In a legal skirmish that could shape the future of artificial intelligence and intellectual property rights, Meta CEO Mark Zuckerberg has drawn parallels between YouTube’s handling of pirated content and Meta’s use of copyrighted material to defend his company’s practices. Newly unveiled excerpts from a deposition given by Zuckerberg late last year reveal the tech magnate’s strategy as Meta faces allegations of copyright infringement in the high-profile case Kadrey v. Meta.

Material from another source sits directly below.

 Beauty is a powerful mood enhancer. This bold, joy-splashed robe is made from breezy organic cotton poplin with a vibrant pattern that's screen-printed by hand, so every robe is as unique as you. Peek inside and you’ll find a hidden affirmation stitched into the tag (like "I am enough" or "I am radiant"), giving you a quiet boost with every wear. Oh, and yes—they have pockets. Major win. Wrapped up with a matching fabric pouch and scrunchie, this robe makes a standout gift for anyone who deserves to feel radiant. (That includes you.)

The case, one of many lawsuits that pit authors and intellectual property holders against AI giants, centers around Meta’s use of copyrighted e-books in training its AI models. At the heart of the legal debate is whether using copyrighted material to train AI systems constitutes “fair use,” a claim AI companies consistently invoke but which copyright holders vehemently challenge.

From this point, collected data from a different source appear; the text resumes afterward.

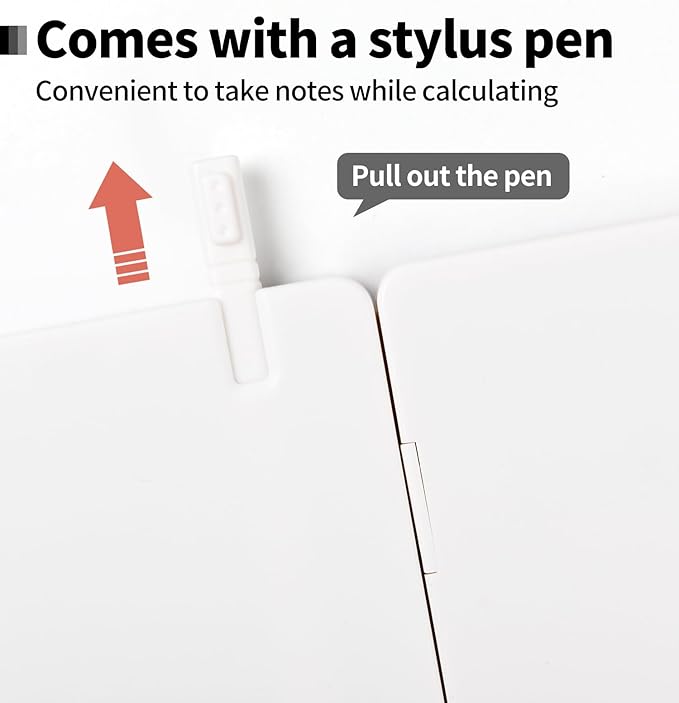 - 【Lightweight and Portable】This is a lightweight calculator with a writing pad and foldable design, and it weighs only 3.73 ounces. It is portable that you can carry it anywhere and it can be removed and used immediately when needed.
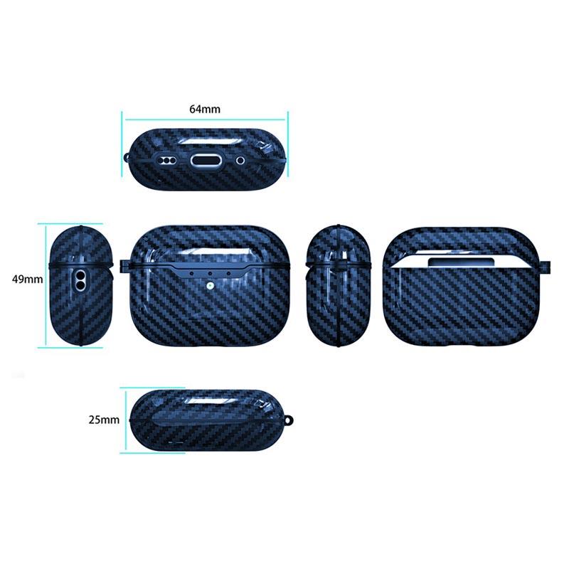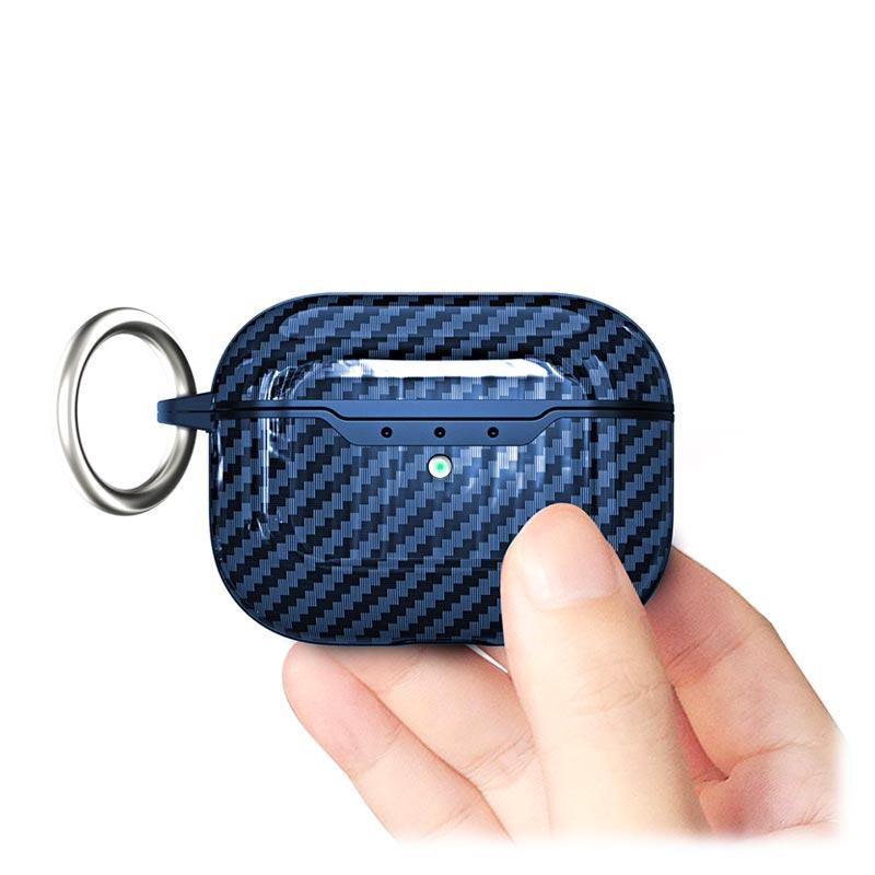 AirPods Pro 2 TPU Cover med Karabinhage - Karbonfiber - Blå
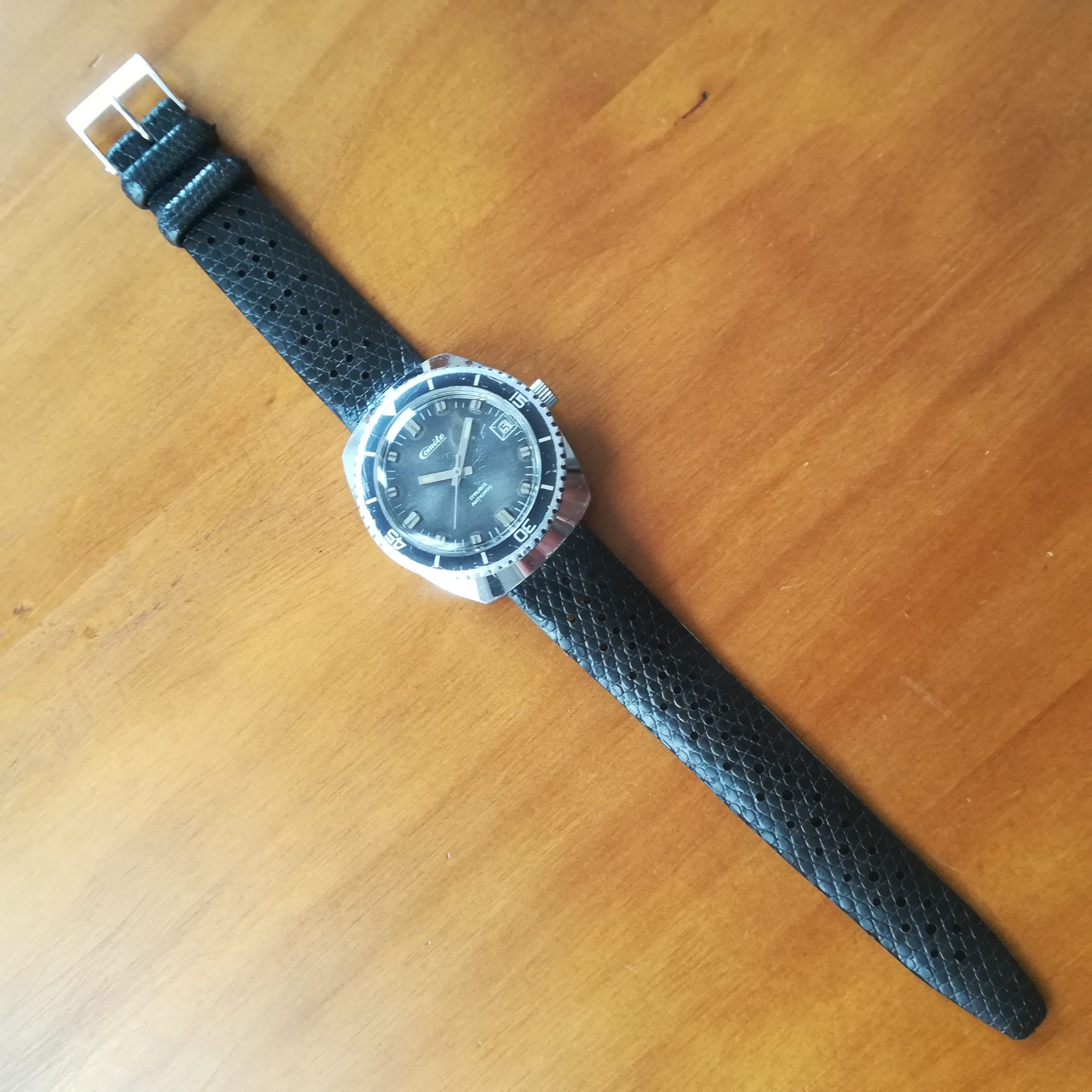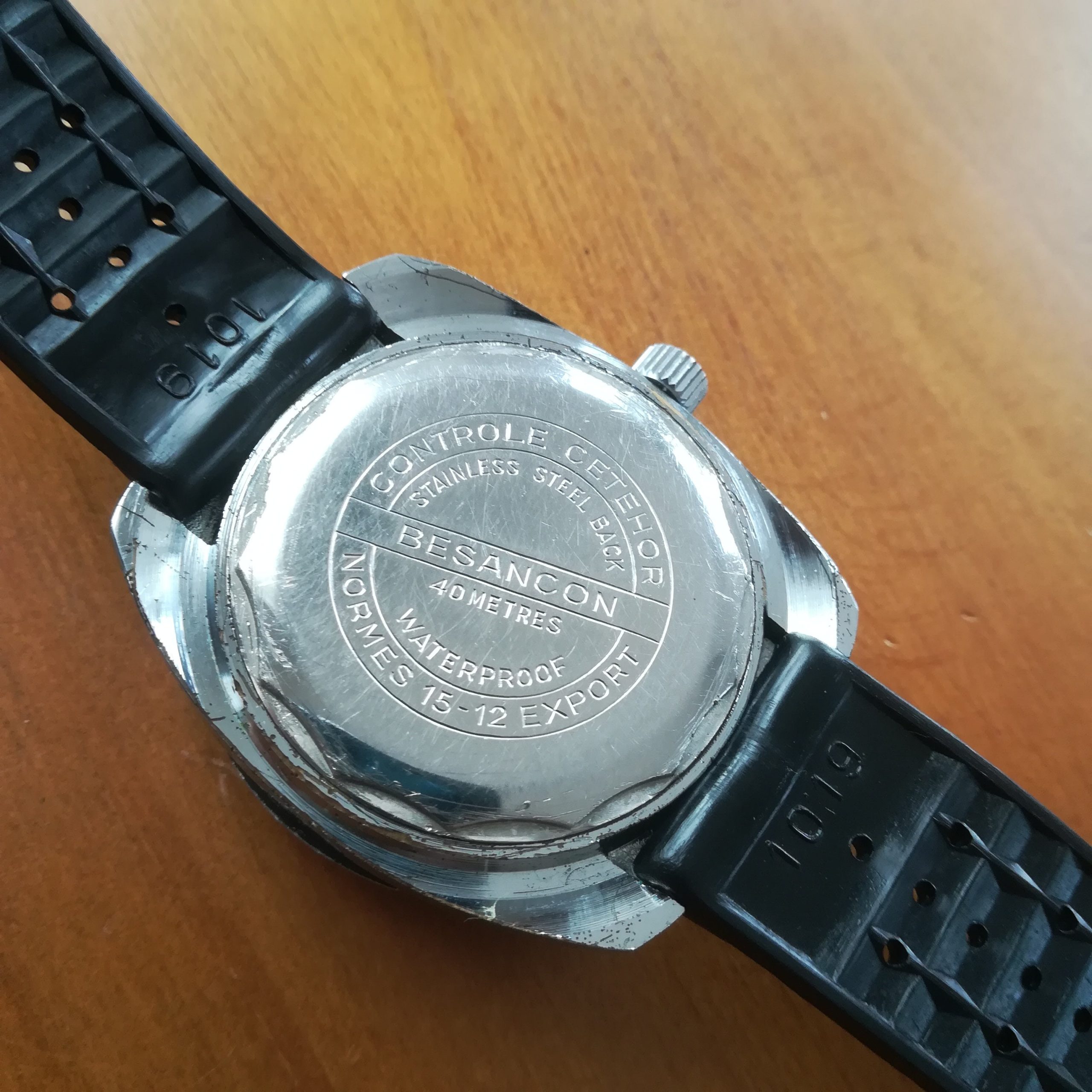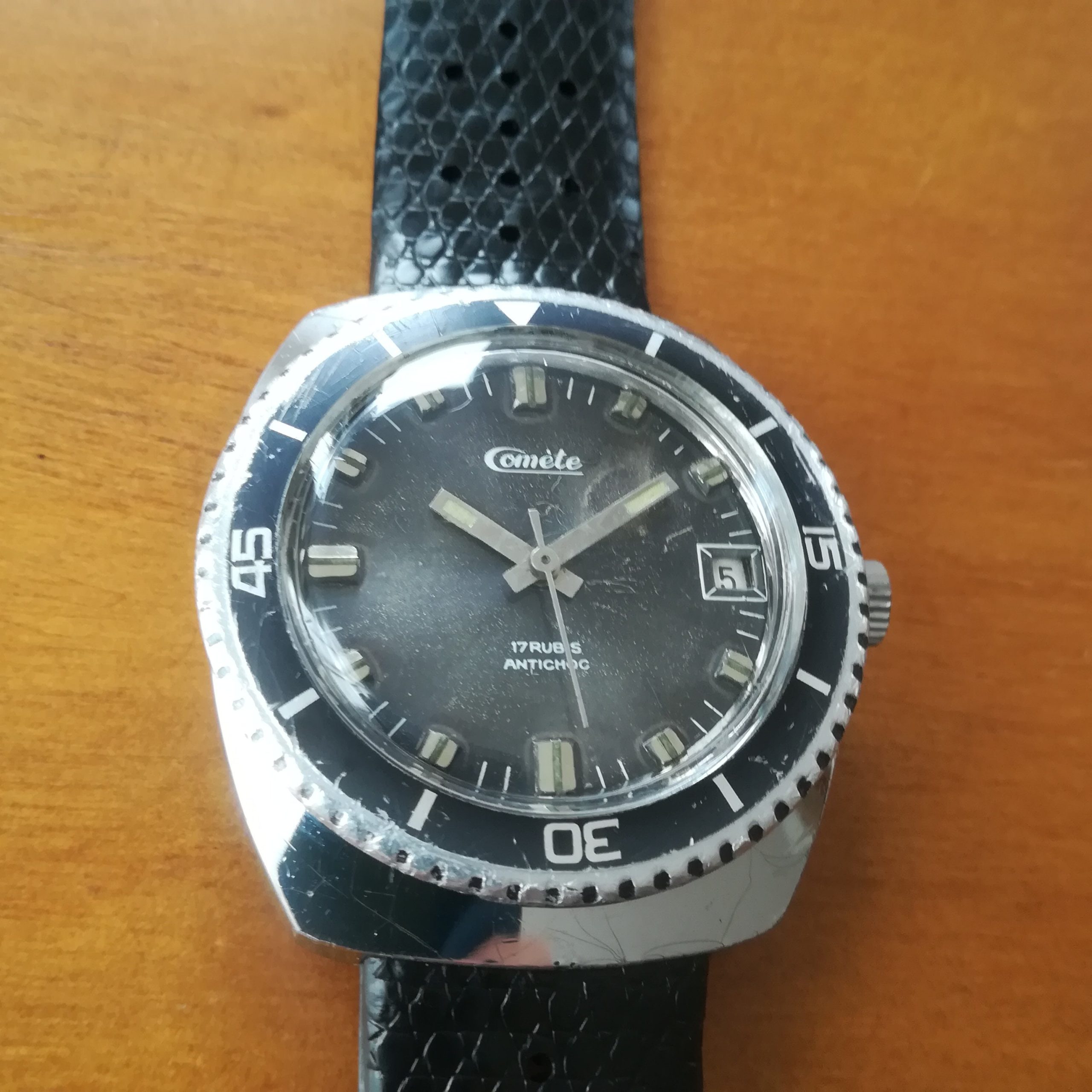 COMÈTE diver vintage watch, Jeambrun (JEJ) 27DC movement with date indication, Made in France in the 1970s, 38 mm across excluding the crown, hand-wound (mechanical, no battery!), working fine and serviced.

Zuckerberg’s YouTube Defense
During his deposition, Zuckerberg likened Meta’s use of copyrighted data to YouTube’s approach to user-uploaded content. “For example, YouTube may end up hosting some stuff that people pirate for some period of time, but YouTube is trying to take that stuff down,” he stated. “And the vast majority of the stuff on YouTube, I would assume, is kind of good and they have the license to do.”
This comparison sheds light on Zuckerberg’s stance regarding the ethical and legal implications of using copyrighted data. While the analogy suggests that Meta is committed to addressing potential violations, critics argue that the situations are not comparable, as YouTube acts as a platform hosting user-generated content, whereas Meta actively trains its AI systems on copyrighted works.
LibGen and Meta’s AI Ambitions
Central to the lawsuit is Meta’s alleged use of LibGen, a controversial online repository often referred to as a “links aggregator” that provides free access to copyrighted works. LibGen’s library includes publications from major publishers like Cengage Learning, Macmillan Learning, McGraw Hill, and Pearson Education. Despite repeated lawsuits, shutdown orders, and multi-million-dollar fines for copyright infringement, LibGen remains a thorn in the side of publishers.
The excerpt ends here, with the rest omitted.